We will then manually change Support and Confident parameters in the apriori() function above while we are monitoring the lift measurements until the lift measurements stopping changing. We then get our optimal 10 rules.
Inspect the rules by life measurements
inspect(sort(aprioriRule, by = "lift")[1:10])

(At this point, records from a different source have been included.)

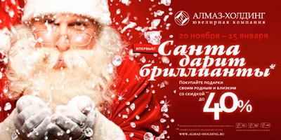 С 20 ноября 2013 г. по 15 января 2014 г. в белгородском магазине ювелирной сети «Алмаз-Холдинг» пройдет акция «Санта дарит бриллианты». Скидки до 40% на ювелирные украшения!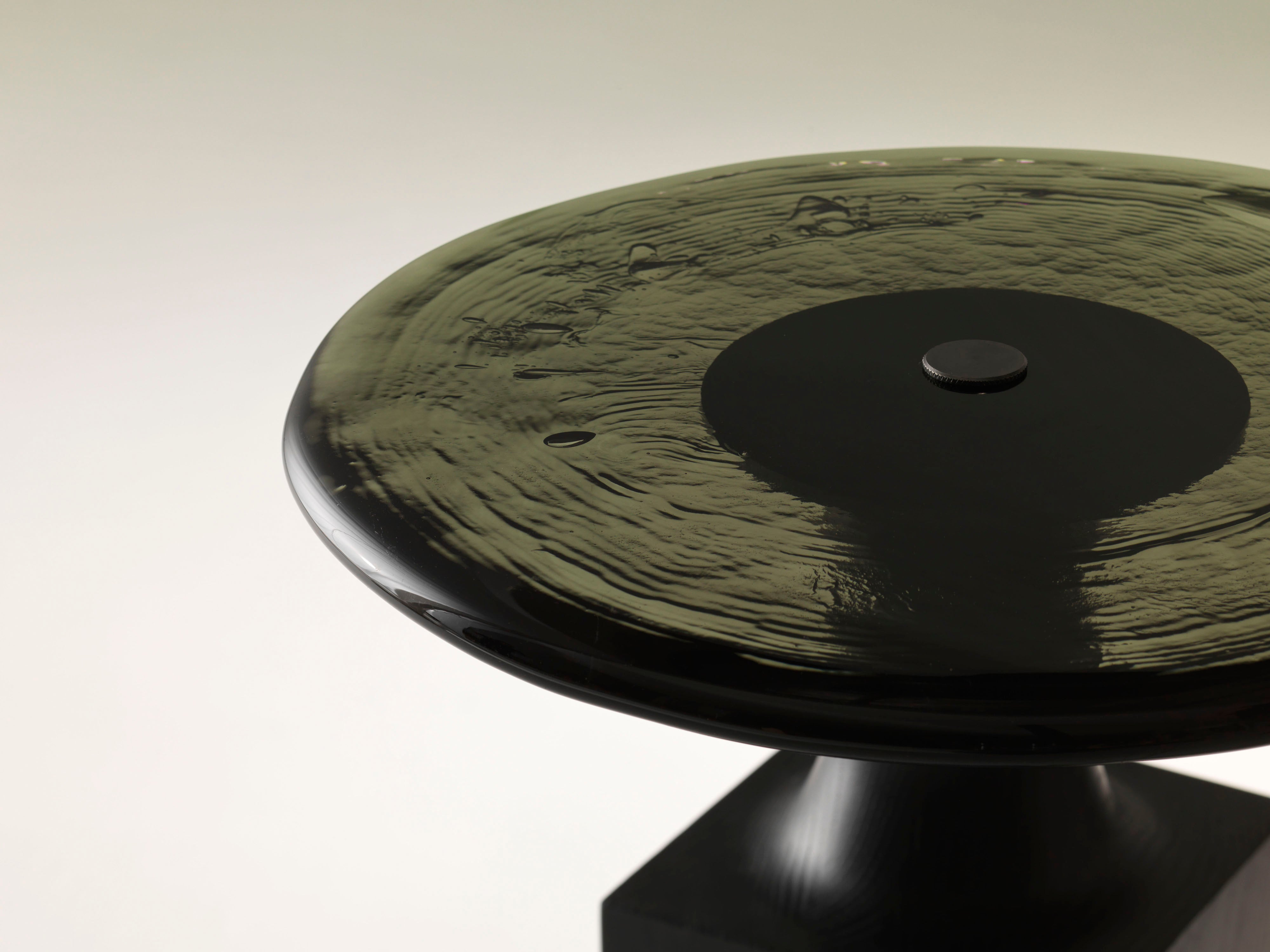 Angular, grounded and precise, Kiki is a side table with a deep and moody character. A dark, square base supports a hand-poured smokey, charcoal glass top, echoing the shifting depth and movement of water.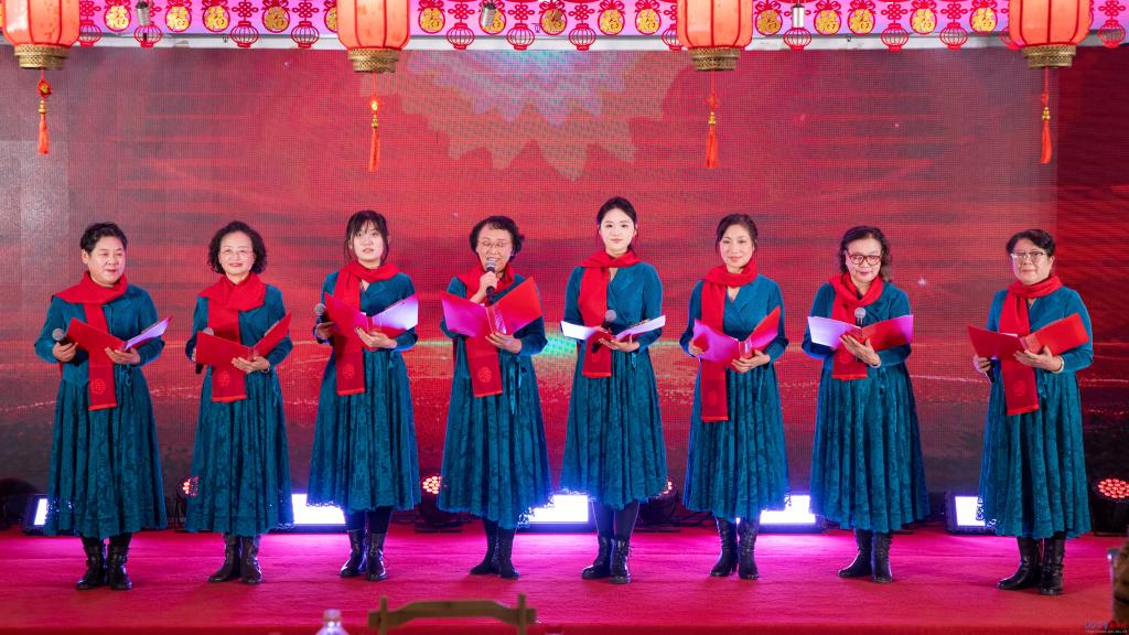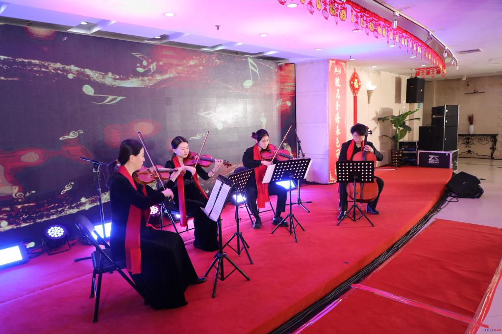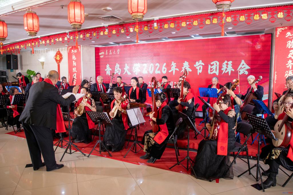 团拜会文艺演出环节精彩纷呈。青岛大学老教师民族乐团以悠扬的民乐演奏《名曲联奏》与《花好月圆》拉开序幕,奏响了喜庆祥和的乐章。外语学院学生则以青春活力的歌曲联唱《光亮》《少年》,展现了青年学子的朝气蓬勃。我校校友带来的弦乐四重奏,深情演绎了《莫扎特弦乐小夜曲》的经典与《梁山伯与祝英台》的缠绵。离退处老教师舞蹈队以优雅舞姿献上舞蹈《我爱你中国》,表达了对祖国的深情祝福。青岛大学老教师朗诵协会与“青大之声”学生团队联手,带来了慷慨激昂的朗诵《耕励奋进 蓄势开新》,彰显了青大人继往开来的精神风貌。最后,艺术学院学生以一曲深情饱满的《灯火里的中国》,将演出推向高潮,唱出了对祖国繁荣昌盛的美好祝愿。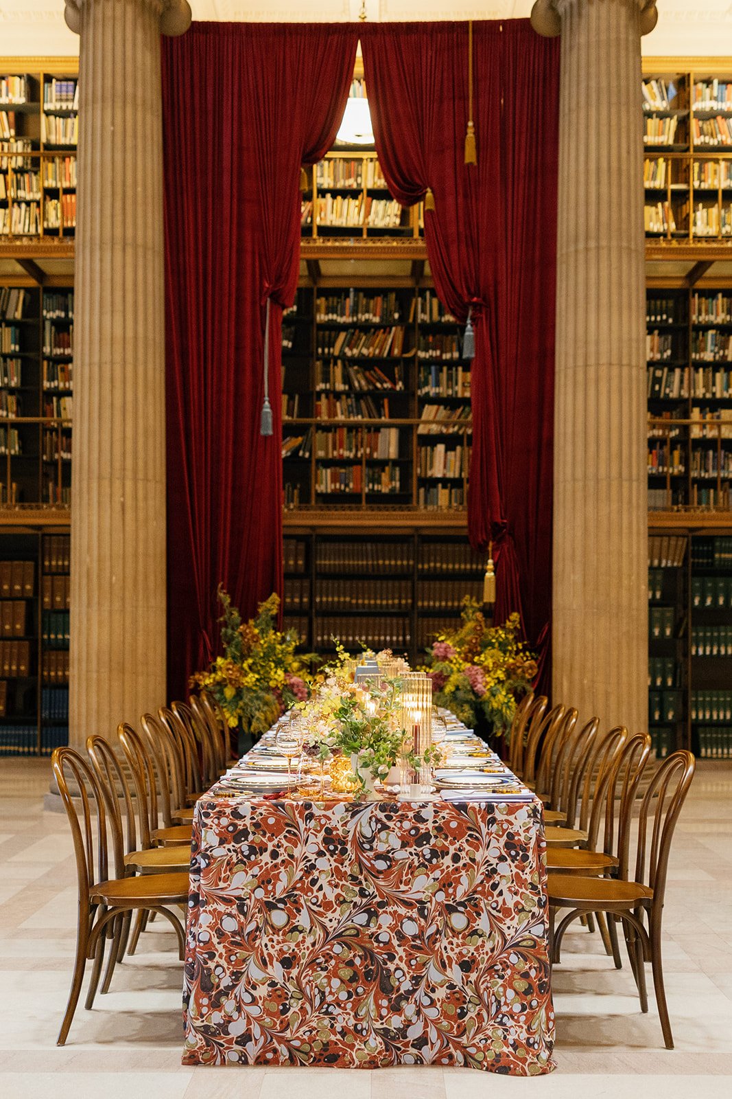 Our Minne Wedding design will beautifully complement this restored, storied landmark with opulent, rich, velvety textures; lush florals and layered greenery; and carefully curated romantic lighting that glows against the marble and stone. Set within a warm winter atmosphere, the overall aesthetic feels intimate, dramatic, and timeless—perfectly at home within the grandeur of this historic space.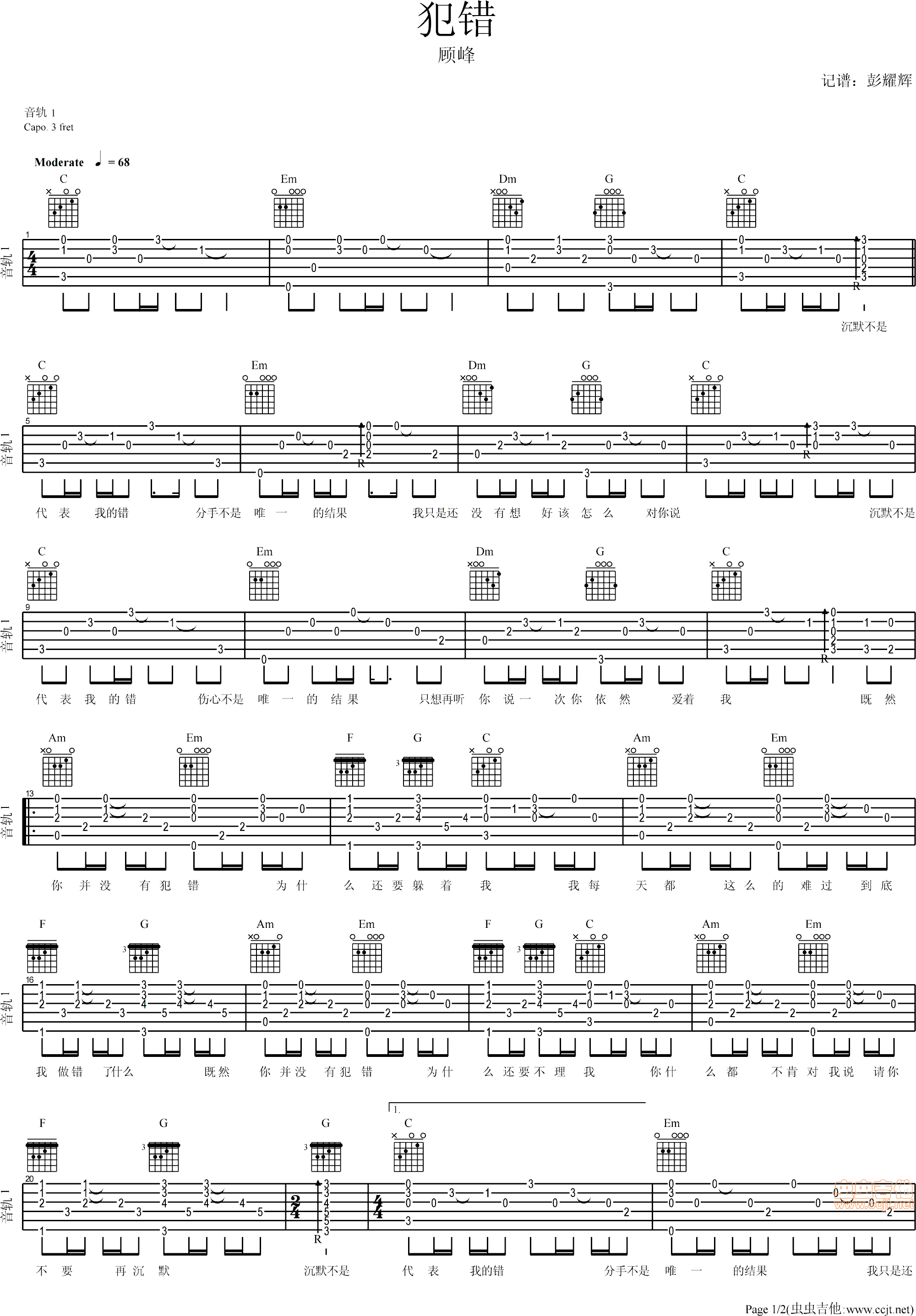 曲谱介绍: 《犯错》吉他弹唱谱,共有2张高清图谱,免翻页排版设计。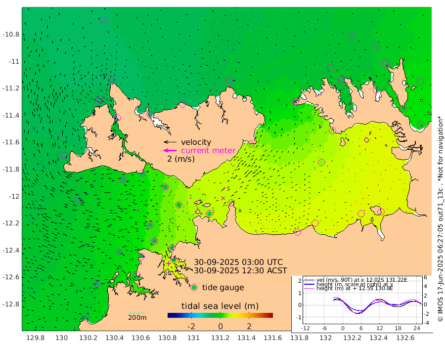 30cm/s 80T +4cm/s rms + 6cm/s 51T. Darwin_C1 52m 2cm/s 57T +4cm/s rms + 7cm/s -161T. Darwin_CW1 22m 9cm/s -95T +4cm/s rms + 8cm/s 61T. Darwin_CW2 34m 29cm/s 41T +3cm/s rms + 9cm/s 98T. Darwin_CW3 22m 8cm/s -102T +5cm/s rms + 7cm/s 88T. Darwin_C3 56m 19cm/s 64T +2cm/s rms + 9cm/s -126T. Darwin_CTbW 22m 35cm/s -87T +1cm/s rms + 1cm/s -47T. DARBGF 30m 40cm/s -55T +4cm/s rms + 3cm/s 80T. NRSDAR 19m -68cm Goodrich Bank -54cm Point Jenny -57cm Native Point -52cm Fish Reef -46cm Tapa Bay -73cm Point Fawcett (Offshore) -48cm Burge Point -59cm Munkunuwa -68cm Beagle A -28cm Parsons Bank -47cm Fenton Patches -15cm Hancox Shoal Area -21cm Nightcliff -24cm Darwin -44cm Charles Point Patches 16cm Glyde Point 70cm Chambers Bay 84cm Point Stuart 37cm Cape Hotham 56cm Christine Reef 96cm West Alligator Head 114cm East Field Island 53cm Two Hills Bay 40cm Camp Point -49cm Medina Inlet South -74cm South Barlow Point -78cm St. Asaph Bay -69cm Cape Van Dieman -61cm Snake Bay -61cm Cache Point -44cm Point Jahleel (Off) -10cm Cape Don -33cm Port Essington -33cm Smith Point - West -25cm NW Peacock Island -35cm North Of Jones Shoal -10cm Peacock Island 12cm Point David -23cm D'urville Point 17cm Copeland Island 6cm One Tree Point

## lhs rhs support confidence lift count
## [1] {Apple Earpods,
## Logitech MK360 Wireless Keyboard and Mouse Combo} => {Eluktronics Pro Gaming Laptop} 0.001220132 0.6315789 17.696806 12
## [2] {Apple Earpods,
## Microsoft Wireless Comfort Keyboard and Mouse} => {Slim Wireless Mouse} 0.001220132 0.6315789 16.697793 12
## [3] {Dell Wired Keyboard,
## HDMI Cable 6ft} => {AOC Monitor} 0.001931876 0.6333333 15.045491 19
## [4] {Dell Desktop,
## HDMI Cable 6ft,
## HP Monitor} => {AOC Monitor} 0.001118454 0.6111111 14.517579 11
## [5] {Computer Game,
## iMac,
## Intel Desktop} => {Apple Magic Keyboard} 0.001118454 0.7333333 10.230260 11
## [6] {ASUS 2 Monitor,
## Dell Desktop,
## Intel Desktop} => {Apple Magic Keyboard} 0.001118454 0.7333333 10.230260 11
## [7] {Dell Desktop,
## Microsoft Office Home and Student 2016,
## Rii LED Gaming Keyboard & Mouse Combo} => {Belkin Mouse Pad} 0.001016777 0.5882353 10.043913 10
## [8] {Apple Magic Keyboard,
## Eluktronics Pro Gaming Laptop,
## Lenovo Desktop Computer} => {ASUS Monitor} 0.001016777 0.5555556 10.025484 10
## [9] {ASUS Chromebook,
## Computer Game,
## Lenovo Desktop Computer} => {ASUS Monitor} 0.001016777 0.5555556 10.025484 10
## [10] {ASUS Monitor,
## iMac,
## Logitech MK550 Wireless Wave Keyboard and Mouse Combo} => {Apple Magic Keyboard} 0.001423488 0.6666667 9.300236 14
# see Kindle's rule
xRules <- subset(aprioriRule, items %in% "Kindle")
inspect(xRules)
summary(xRules)
## set of 0 rules
There are no rules related to Kindle.
Here is and example how we specify which items should appear on either left hand side of right hand side of the rules. The purpose of this approch is to find which items should be displayed or bundled with the item that we want to promote.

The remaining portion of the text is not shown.